The IMF has called on Pakistan’s new government to act fast to stabilize its teetering economy, warning growth will likely slow and inflation rise. Above, Pakistani woman receives charity food at the Bari Imam shrine in Islamabad. (AFP)
  • Pak Rupee is still overvalued, might undergo another 5 percent devaluation to PKR 140, say financial experts
  • Pakistan needs $8 billion to service its debts and $28 billion to run its financial affairs for the current year

KARACHI: Pakistan has devalued its national currency, the Pakistani Rupee (PKR), for the fifth time since December 2017, as the country faces mounting pressure over external payments amid diminishing foreign-exchange reserves.
“Today, the exchange rate in the interbank market closed at PKR 133.64 to the US dollar, against the previous day’s closing of PKR 124.27 to the US dollar,” the State Bank of Pakistan said on October 9. “This movement broadly reflects the current-account dynamics and also the demand-supply gap in the foreign-exchange market.
“Although the current-account deficit narrowed in August 2018, a consistent increase in the oil-import bill, on account of rising international oil prices, has exerted pressure in the foreign-exchange market.”
Pakistan has, after much delay, finally decided to approach the International Monetary Fund for help, but the rupee is expected to remain under further pressure this week, with currency experts predicting that a sixth round of devaluation is inevitable as a prerequisite for IMF assistance.
“The rupee was overvalued as compared with dollar and the correction was overdue,” said Zeeshan Afzal, executive director of research at Insight Securities. “It is no coincidence that the rupee devaluation has come at a time when Pakistan has formally announced an approach to the IMF for a bailout package.”
Pakistani Finance Minister Asad Umar on Monday announced the country will approach the IMF for assistance, after foreign-exchange reserves declined to $8.4 billion by September 28.
Information Minister Fawad Chaudhry on Tuesday said turning to the IMF was a “difficult decision.”
He told guests at an event in Islamabad: “The country’s remaining reserves can only serve for one month and 16 days, while the country needs $8 billion for debt servicing. We need $28 billion to run the country for this year.”
However, experts believe that the country’s growth will slow after an IMF intervention.
“The IMF program will come with specific external, fiscal and monetary measures that are likely to slow gross domestic product growth to about 4 to 4.5 percent,” said Saad Hashmey, an analyst at Topline Securities.
The Pakistan stock market reacted strongly to the government’s decision to opt for an IMF program for stabilization and economic recovery, with the benchmark KSE 100 index recovering 606 points.
“Oil and banking stocks outperformed on surging global oil prices and higher banking spreads,” said Ahsan Mehanti, chief executive of Arif Habib Group. “The auto, steel and cement sectors underperformed on a weak earnings outlook, record rupee depreciation and the likely curtailment of China-Pakistan Economic Corridor projects.
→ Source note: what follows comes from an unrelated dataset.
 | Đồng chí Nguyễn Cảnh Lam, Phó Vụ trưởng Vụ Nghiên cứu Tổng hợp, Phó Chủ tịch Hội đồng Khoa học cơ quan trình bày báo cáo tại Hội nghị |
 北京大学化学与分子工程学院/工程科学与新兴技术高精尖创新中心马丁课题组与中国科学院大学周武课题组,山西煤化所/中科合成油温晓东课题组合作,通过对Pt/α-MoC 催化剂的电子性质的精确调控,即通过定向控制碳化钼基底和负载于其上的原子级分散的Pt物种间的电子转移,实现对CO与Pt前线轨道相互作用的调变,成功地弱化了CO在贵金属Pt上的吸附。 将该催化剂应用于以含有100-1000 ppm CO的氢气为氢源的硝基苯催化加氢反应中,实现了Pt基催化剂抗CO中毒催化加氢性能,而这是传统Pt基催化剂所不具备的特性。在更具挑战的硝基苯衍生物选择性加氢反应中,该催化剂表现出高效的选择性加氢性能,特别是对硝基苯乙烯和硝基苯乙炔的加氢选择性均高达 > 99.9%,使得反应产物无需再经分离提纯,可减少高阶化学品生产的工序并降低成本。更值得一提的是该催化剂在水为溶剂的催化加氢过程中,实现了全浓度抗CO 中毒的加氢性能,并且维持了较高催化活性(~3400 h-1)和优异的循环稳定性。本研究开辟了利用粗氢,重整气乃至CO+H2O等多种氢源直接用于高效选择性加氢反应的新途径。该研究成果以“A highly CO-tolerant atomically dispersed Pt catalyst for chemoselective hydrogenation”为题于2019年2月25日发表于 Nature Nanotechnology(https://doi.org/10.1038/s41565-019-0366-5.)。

Late-session buying on likely economic stability post-IMF bailout played a catalyst role in a bullish close.”
This is the fifth round of rupee devaluations since December last year. The government has devalued the currency from PKR 105 against the dollar on December 8, 2017, to PKR 135 on October 09, 2018, making it 27 percent weaker.
“We expect that the currency will further depreciate by up to 5 percent before the country goes to the IMF program,” Afzal said.
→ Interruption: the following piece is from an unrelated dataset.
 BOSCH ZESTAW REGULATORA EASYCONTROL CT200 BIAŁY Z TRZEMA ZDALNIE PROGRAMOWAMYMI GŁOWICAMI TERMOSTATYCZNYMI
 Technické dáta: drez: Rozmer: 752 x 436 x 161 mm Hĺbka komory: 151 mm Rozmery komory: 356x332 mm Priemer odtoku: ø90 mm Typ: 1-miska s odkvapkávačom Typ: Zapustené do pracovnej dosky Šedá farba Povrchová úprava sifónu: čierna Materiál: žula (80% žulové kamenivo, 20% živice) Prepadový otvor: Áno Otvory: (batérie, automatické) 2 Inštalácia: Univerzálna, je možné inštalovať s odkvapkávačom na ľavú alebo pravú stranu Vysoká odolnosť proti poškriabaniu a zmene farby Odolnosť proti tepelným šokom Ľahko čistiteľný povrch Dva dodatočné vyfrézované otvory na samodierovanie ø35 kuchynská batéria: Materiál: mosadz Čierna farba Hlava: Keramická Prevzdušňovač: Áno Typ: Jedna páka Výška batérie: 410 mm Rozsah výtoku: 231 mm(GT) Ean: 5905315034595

Fahad Irfan, head of research at Alfalah Securities, said: “We see the rupee further depreciating to PKR 140 against (the dollar) because the pace of depletion of foreign-exchange reserves is accelerating.”
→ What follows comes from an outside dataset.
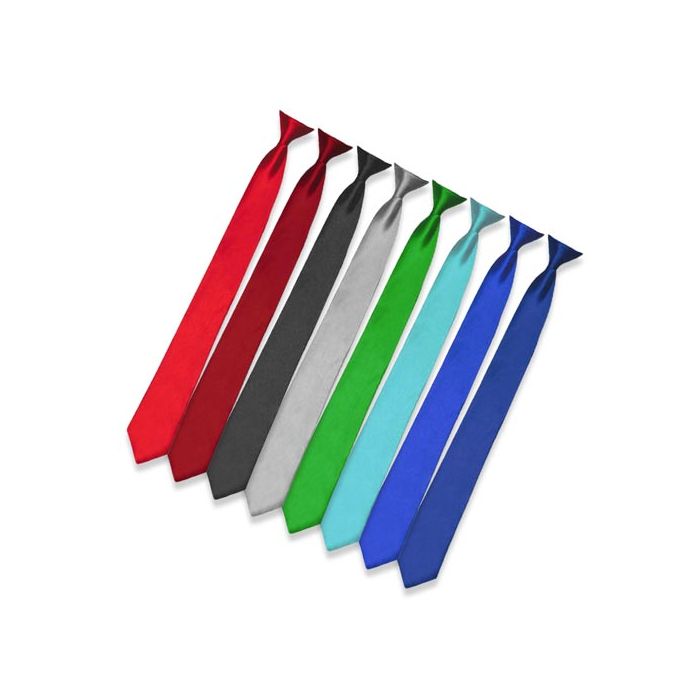 Clip-on stropdas met een lengte van 45 of 50cm (standaardmaat). Dit is gemeten van bovenkant knoop tot de punt onderaan. U kunt kiezen uit meer dan 30 verschillende kleuren. Deze kleuren komen overeen met de smalle effen stropdassen (à € 4.95) op onze site. De kosten voor het vermaken van de stropdas en de clip bedragen € 3,-.
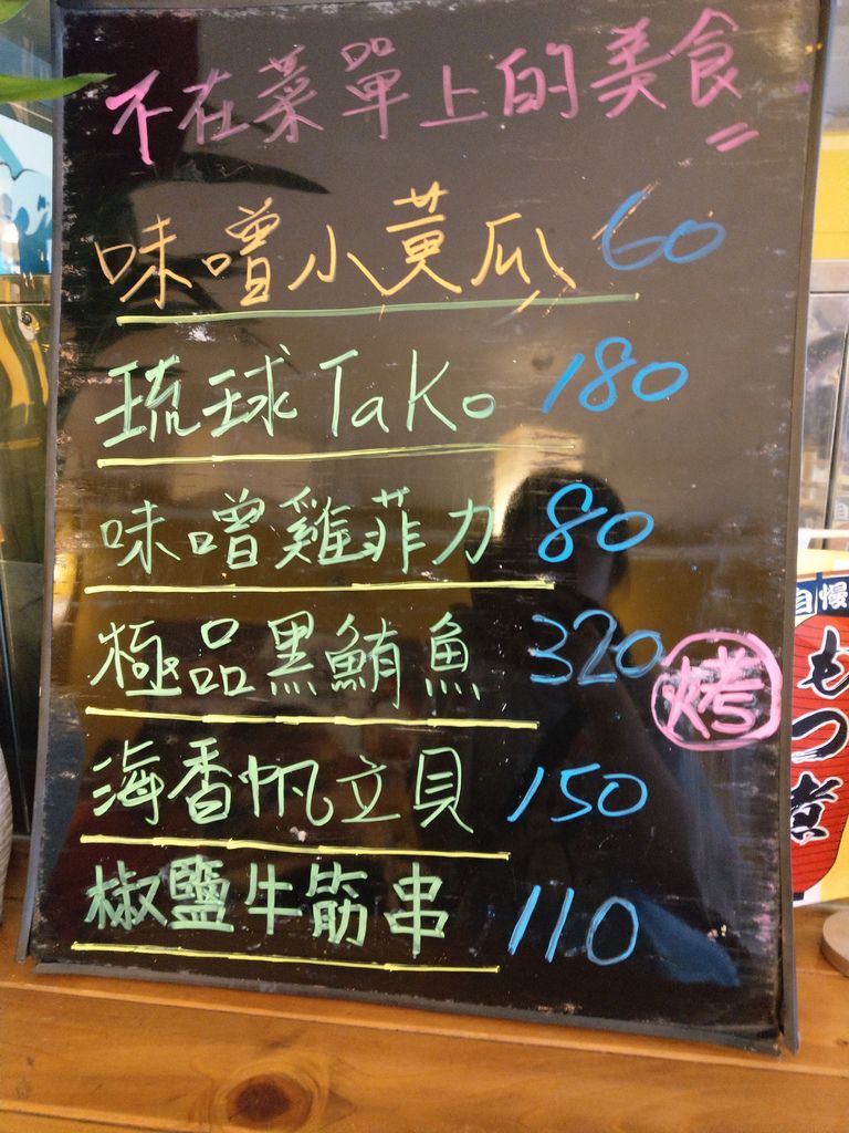 店內沿襲居酒屋的特色,在欣賞店內陳設時,記得往吧檯看,上面有塊小黑板,不要錯過,那可是店家當天的隱藏版菜單。

that the rupee was not adjusted with a basket of other currencies when peer countries took corrective measures, which is why it remains under pressure.
As the devaluation is expected to increase inflationary pressure, analysts expect the State Bank of Pakistan will increase its interest rate from the current 8.5 percent in the next monetary policy announcement.
Junaid Esmail Makda, president of the Karachi Chamber of Commerce and Industry, expressed deep concerns about the serious devaluation of rupee against dollar, saying it will have a devastating effect on all segments of society, particularly middle- and lower-income groups, with the poor likely to particularly suffer as a result of rising inflation.
The central banks said it will continue to closely monitor foreign-exchange markets and stands ready to ensure stability in the financial markets and curb the emergence of speculative pressures.